Probably a bit more of the latter than the former.
The Money Project, which exists as a collaboration between Visual Capitalist and Texas Precious Metals, noted that the cryptocurrency notched a 35 percent gain over the course of the year (ending at a value of $429). Compare that the dollar’s 8 percent rise over the same period, and the greenback looks, well, dodgy by comparison, even as measured by a basket of other currencies.
True, the fact is that the Federal Reserve gave some real backing to the dollar’s rise – first in the form of speculation about rate hikes, then ruminations via Fed minutes about rate hikes and then rate hikes – means that investors, retail and professional alike, see value in the dollar.
Conversely, gold was off 10 percent, and some currencies saw massive downturns, such as the Russian ruble (off nearly 21 percent) and Ukraine’s hryvnia, which plummeted about 34 percent.
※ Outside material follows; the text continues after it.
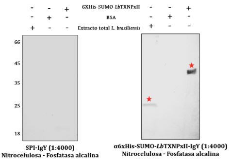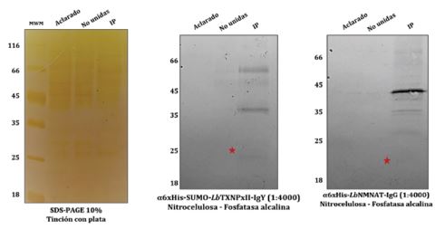 Análisis realizados por Joya et al. en el 2019 por Co-IP/MS-MS sugirieron una posible interacción entre la triparedoxina peroxidasa (TXNPxII) y la nicotinamida/nicotinato mononucleótido adenililtransferasa (NMNAT), enzima clave en el metabolismo del dinucleótido de nicotinamida y adenina NAD en L. braziliensis. Para corroborar dicha interacción, los anticuerpos policlonales α6xHis-SUMO-LbTXNPxII-IgY generados se utilizaron en la inmunoprecipitación e inmunodetección cruzada de estas enzimas, observándose para cada caso la detección de estas (Figura 10), confirmando esta conexión molecular.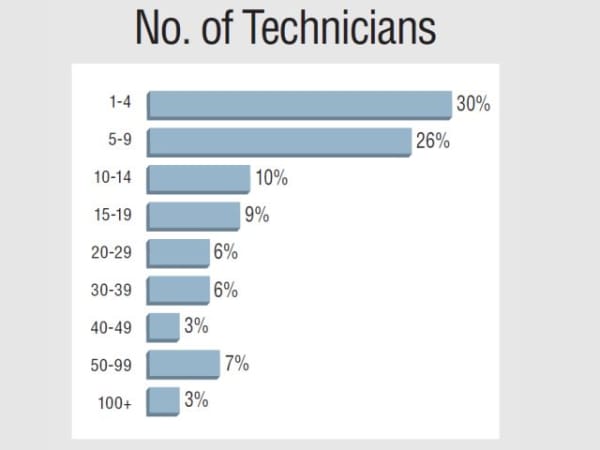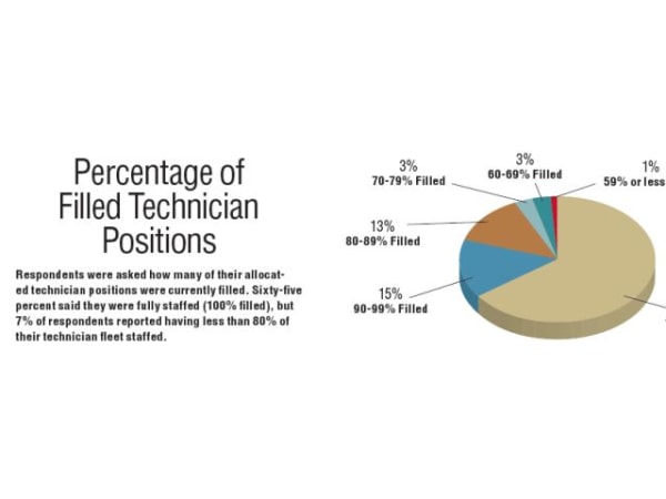 Respondents were asked how many of their allocated technician positions were currently filled. Sixty-five percent said they were fully staffed (100% filled), but 7% of respondents reported having less than 80% of their technician fleet staffed.

Just goes to show what some real saber rattling will do.
So, what, then to make of bitcoin, a currency that exists in the minds of investors and on computer screens? True, all currency, to a certain extent, exists as an intangible form of agreement, and trust, between the buyers and sellers and nations that choose to honor that fiat.
But bitcoin saw a 5,400 percent rise in value in 2013, then got shaved by half in 2014, and then, as just mentioned, gained ground this year. That’s less of a currency than a theme park ride. The fact that blockchain got a lot of press this year, and investments from banks, and certainly seems viable from a technology standpoint, has at least something to do with bitcoin’s boost.
The fact that these companies are looking to utilize blockchain-like technologies disconnected from bitcoin, speaks volumes to the hesitancy to embrace the cryptocurrency fully. The movement to decouple the currency from the technology, which does have its attractions in the form of decentralized networks and standard protocols, is akin to acknowledging that the people who are trafficking in the currency really are just speculating.
Currencies are designed to give at least some measure of stability to a user’s purchasing power – a tenet violated by bitcoin’s extraordinary volatility. There’s no real backing to a bitcoin, in terms of goods or services, or gold, or, well, anything. There’s only several million bitcoins in “existence,” which proponents liken to gold and its own finite availability. But the lack of value inherent in the bitcoin itself, at least as agreed upon by involved parties, means there is ultimately a lack of liquidity (and hence, major price swings).
Look for more crazy action in this cryptocurrency as interest rates in the United States are likely to keep rising, and at least some devaluation in currencies around the globe (China, possibly, yet again). That means you can look for bitcoin to rise again … look, but don’t touch.